Researchers from Paderborn University, the Physikalisch-Technische Bundesanstalt (PTB), the National Metrology Institute of Germany, the Politecnico di Torino, Italy, and the Istituto Nazionale di Ricerca Metrologica (INRiM), Italy’s national metrology institute, have investigated sequential infiltration synthesis in nanostructured polymers.
In doing so, they want to increase the likelihood of characterizing material properties at the smallest scale. Future computer chips, energy conversion and storage techniques, and molecular sieves, will all require materials with structures in the range of just a few nanometers. The study’s results have now been featured as the cover article in ACS Applied Polymer Materials.

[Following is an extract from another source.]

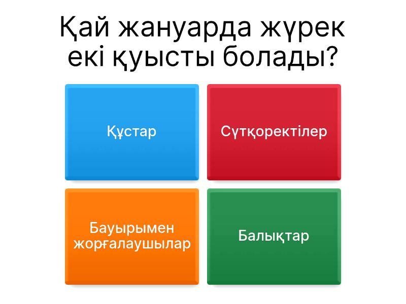 1) Қай жануарда жүрек екі қуысты болады? a) Құстар b) Сүтқоректілер c) Бауырымен жорғалаушылар d) Балықтар 2) 3 қуысты жүрек қай жануарларда кездеседі? a) Құстар b) Қосмекенділер c) Сүтқоректілер d) Балықтар 3) 4 қуысты жүрек қандай жануарларда болады? a) Құстар және сүтқоректілер b) Қосмекенділер c) Балықтар d) Бунақденелілер 4) Артерия қабырғасының негізгі ерекшелігі: a) Жұқа және созылғыш b) Қақпақшалар бар c) Қалың, серпімді, жоғары қысымға төзімді d) Кең қуысты 5) Вена қабырғасының ерекшелігі: a) Қақпақшалары бар, қабырғасы жұқа b) Қалың бұлшық ет қабаты c) Қысым өте жоғары d) Тек өкпеге қан апарады 6) Капиллярлардың негізгі қызметі: a) Қанды жүрекке әкелу b) Газ және зат алмасу c) Қанды өкпеге айдау d) Қан қысымын реттеу 7) Жүректің оң жақ бөлігі қандай қанды тасымалдайды? a) Тек артериялық b) Оттегі мол c) Аралас d) Көктамыр (веналық) 8) Жүректің сол жақ қарыншасы оң жақ қарыншаға қарағанда неге қалың? a) Көбірек қан жинайды b) Қақпақша жоқ c) Қанды бүкіл денеге айдайтындықтан қысым жоғары d) Оттегіні көбірек алады 9) Қан тамырларының қай түрінде қақпақша болады? a) Веналарда b) Артерияда c) Капиллярларда d) Артериолаларда 10) Жүрек пен қантамыр жүйесінің негізгі маңызы: a) Жүйке импульсін таратады b) Судың буын тасымалдайды c) Жылу бөлуді азайтады d) Заттар мен газдарды ағза ұлпаларына жеткізеді

The team at Paderborn led by researcher Prof. Jörg Lindner works with nanostructured block copolymers, which are interlinked polymer chains that can “self-organize” into regular patterns, facilitating a wide range of applications.
Controlling the self-organization of block copolymers has advanced rapidly in recent years.

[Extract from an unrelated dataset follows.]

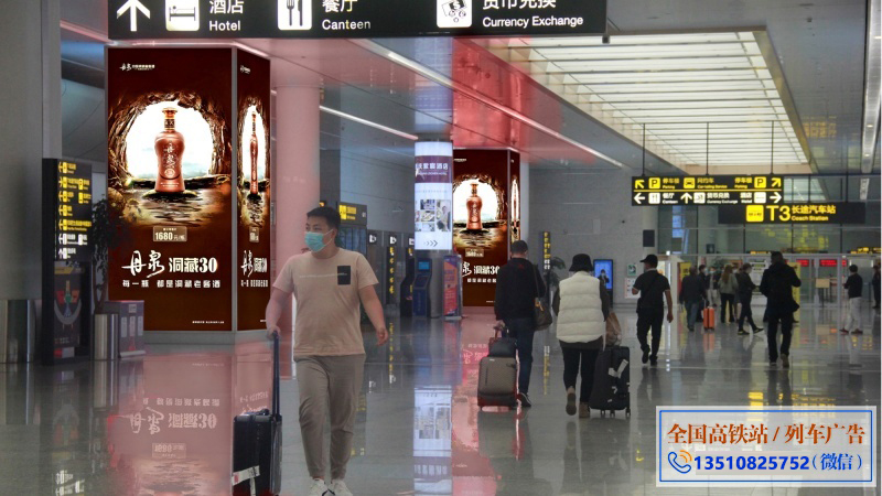 重庆江北国际机T3航站楼到达出口包柱灯箱广告

Our ability to control the self-organization of block copolymers has made rapid progress in recent years.
Dr. Jörg Lindner, Professor, Nanostructuring - Nanoanalytics - Photonic Materials, Paderborn University
To continue this progress, nondestructive techniques for characterizing material properties must be expanded as part of a larger initiative comprising co-authors from partner institutions INRiM, Politecnico di Torino, and PTB.
Block copolymers enable future-oriented processes for further miniaturizing next-generation microelectronic components by enabling the development of incredibly small structures on semiconductor surfaces.

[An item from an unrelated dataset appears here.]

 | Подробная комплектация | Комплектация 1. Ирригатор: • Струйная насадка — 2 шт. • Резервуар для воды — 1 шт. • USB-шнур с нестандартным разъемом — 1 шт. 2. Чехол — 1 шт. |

Dr. Lindner stated, “The structure sizes that can be achieved here are limited only by the length of the polymer chains, so they can be even smaller than the structures that are laboriously produced through conventional techniques. The advances in miniaturization also create a need for new measurement methods and size standards so that smaller structures can be analyzed.”
“Block copolymers can help here, too—but only after the chemical differences between the involved polymer types are increased by selectively modifying one of the polymers. Selectively integrating aluminum oxide using sequential infiltration synthesis makes it possible to create nanostructures that can be used to test these new measurement processes,” Dr. Lindner concluded.
The projects 16ENV07 AEROMET and 19ENV08 AEROMET II provided funding for a part of this study. These projects have funding from the European Union’s Horizon 2020 research and innovation program in addition to the EMPIR program, which is co-financed by the Participating States.
Cara, E., et al. (2023) Developing Quantitative Nondestructive Characterization of Nanomaterials: A Case Study on Sequential Infiltration Synthesis of Block Copolymers. ACS Applied Polymer Materials. doi:10.1021/acsapm.2c02094.